Apparently, they were quietly filming at some parts of Seattle and Ballard last year, and a few people must have spotted him out on the street with his crew.
I love that he was given a chance to visit Seattle, especially Melrose Market. I suggest you visit this place when you visit Seattle. They have local and artisanal shops, good food, and even a flower shop in such an intimate place. You can grab my favorite Ham and Beecher’s sandwich at Homegrown, sample a variety of finest cheeses in Calf and Kid just like Anthony Bourdain, or buy a local cured chorizo sausage at Rainshadow meats just like what my husband did this weekend. Click here to watch the episode – Seattle’s Melrose Market: The Layover.
To make this simple shrimp and chorizo pasta dinner, I used a spicy chorizo sausage from the market and fresh medium shrimp. I was contemplating whether or not to make a marinara sauce for this recipe but I made the right decision but just letting the ingredients shine on it’s own. Make sure you buy a hard or cured chorizo sausage, not the ground Mexican one. And don’t worry about having leftover shrimp, because you can always make this delish Honey walnut prawns.
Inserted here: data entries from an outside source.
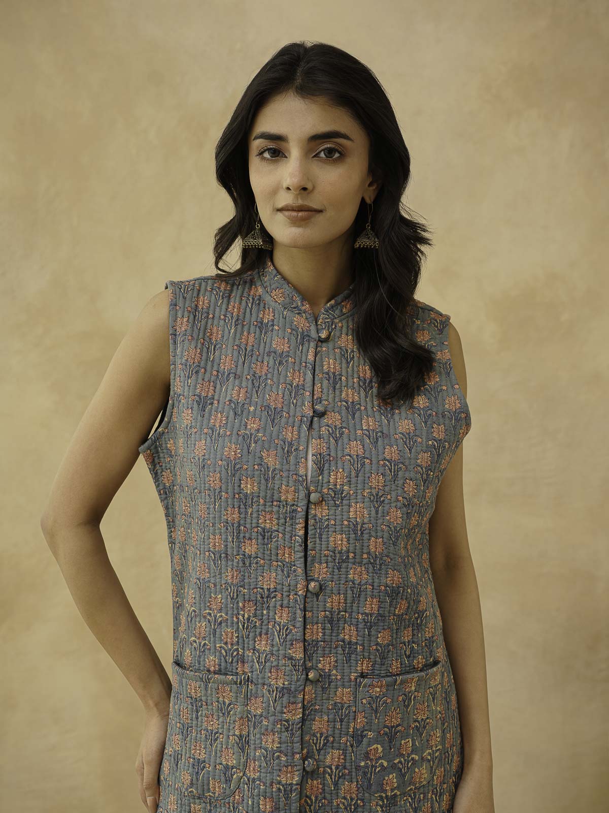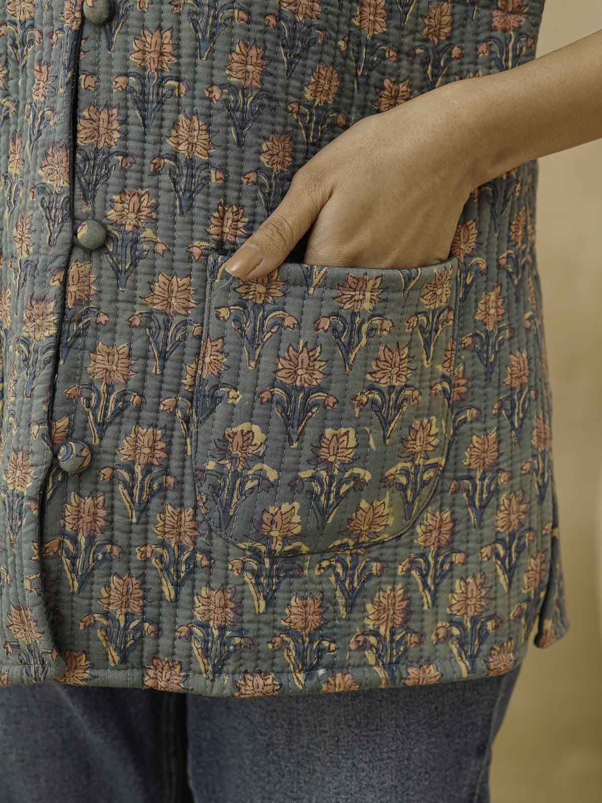 Cotton Printed Sleeveless Quilted Jacket Grey Booty
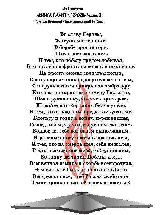 Из Проекта «КНИГА ПАМЯТИ ГЕРОЕВ» Часть 2 Героям Великой Отечественной Войны Во славу Героям, Живущим и павшим, В борьбе против горя, В боях пострадавшим, И тем, кто победу трудом добывал, Кто рвался на фронт, не попал, в ополчение, На фронте окопы солдатам копал, Врага, партизанив, подвергнул мучениям, Кто грудью своей прикрывал амбразуру, Кто шел на таран по примеру Гастелло, Шел в рукопашку, являясь примером, Штыком или кортиком бился умело, И тем, кто в подполье вредил оккупантам, Блокаду и голод в войну, пережившим, Разведчикам, ярко блеснувших талантом. Бойцов на себе под огнем выносившим, И раненым новую жизнь подарившим, И тем, кто на смерть шел, себя не жалея, Врага в его логове свеж, сокрушившим, Во славу им знамя Победы алеет, Вам вечная память и скорбь всенародная, Нам вас не забыть, и ни что не забыто, Вы сделали все, чтоб Россия свободная, Земли хранила, вашей кровью политые!
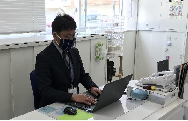 こちらはハンカチマスクを着けている橋本教頭先生。
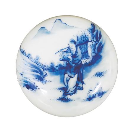 一件是青花印泥盒,制作于20世紀初。直徑7厘米,高3厘米,盒身扁圓,鼓腹,上下相合。盒蓋用青花繪“樵夫讀書”圖。畫面遠處,兩座山峰高聳云間,四周樹木蔥蘢,山石嶙峋。畫面正中的山路上,一樵夫砍柴歸來,身背一大捆柴草,他右手扶著木棍,左手則捧著一本書,雙眼盯著書本,緊抿嘴唇,正津津有味地邊走邊讀。讀到精彩處,露出會心一笑??磥恚@個樵夫是極愛讀書的,這種好學(xué)精神,難道不值得我們學(xué)習(xí)嗎?這件瓷印泥盒,青花色澤典雅,人物衣褶神態(tài)描繪細致,栩栩如生,胎體堅致,白釉溫潤,層次清晰,保存完好。
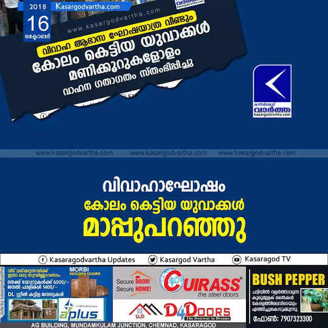 Keywords: Kerala, Uppala, news, Youth, Wedding, kasaragod, wedding-procession activities: Youth apologized

Shrimp and Chorizo Pasta Recipe
There are lots of shrimp and chorizo recipes, but this pasta variation will surely be your ultimate choice for a scrumptious dinner.
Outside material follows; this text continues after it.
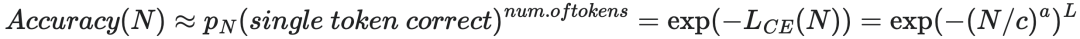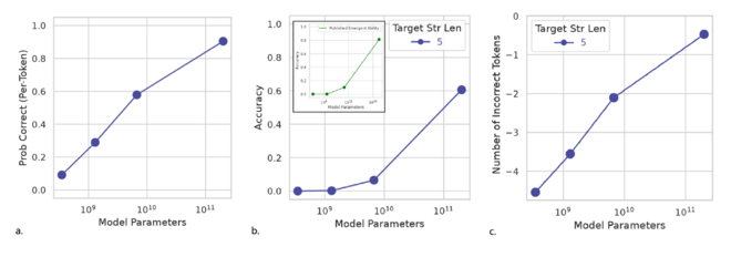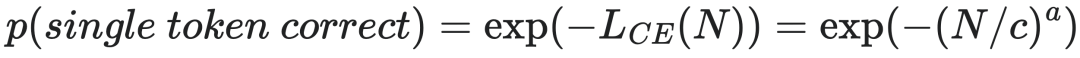 如下图a所示,此时模型能力的度量指标(p(single token correct)随模型规模(模型参数量N)的变化可以得到平缓增长的曲线。而若某任务是L位整数加法,当模型输出正确结果时,记录模型正确率为1,否则记为0,则此时模型的性能和模型参数量的关系为:
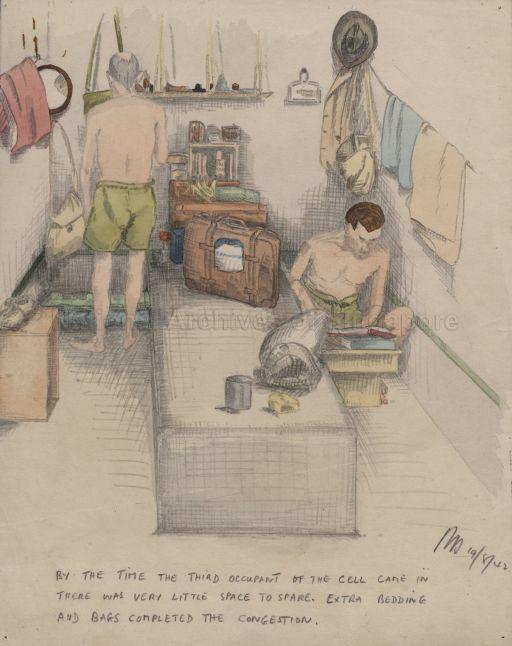 Mr William Haxworth was working as the Chief Investigator of the War Risks Insurance Department of the Singapore Treasury when the war broke out. He was subsequently interned by the Japanese, first in Changi Prison and later transferred to Sime Road Internment Camp. He secretly drew over 300 small paintings and sketches that depicted the harsh, crowded and unhygienic living conditions in these POW camps.

Delicious Shrimp And Chorizo Pasta for Pasta LoversCourse: Uncategorized
2 tablespoons olive oil
4 garlic cloves, minced
4 chorizo links (cured or hard), sliced 1/8 thick (about a cup)
1/2 pound shrimp, peeled and deveined
1/2 cup of chicken broth
1 teaspoon cornstarch
1/2 pound penne pasta
- Cook the pasta “al dente” per package instructions. Drain and set aside.
- Heat 2 tablespoons olive oil in a pan and saute garlic. Add chorizo slices and cook for about 5 minutes then add shrimp. When the shrimp turns slightly pink, add the chicken broth and simmer for a few minutes. Add a teaspoon of cornstarch to thicken it a little bit.
- In a mixing bowl, combine cooked pasta with the sauce and mix well.
- Serve immediately with French bread or a side salad.
- You may substitute chorizo with andouille sausage.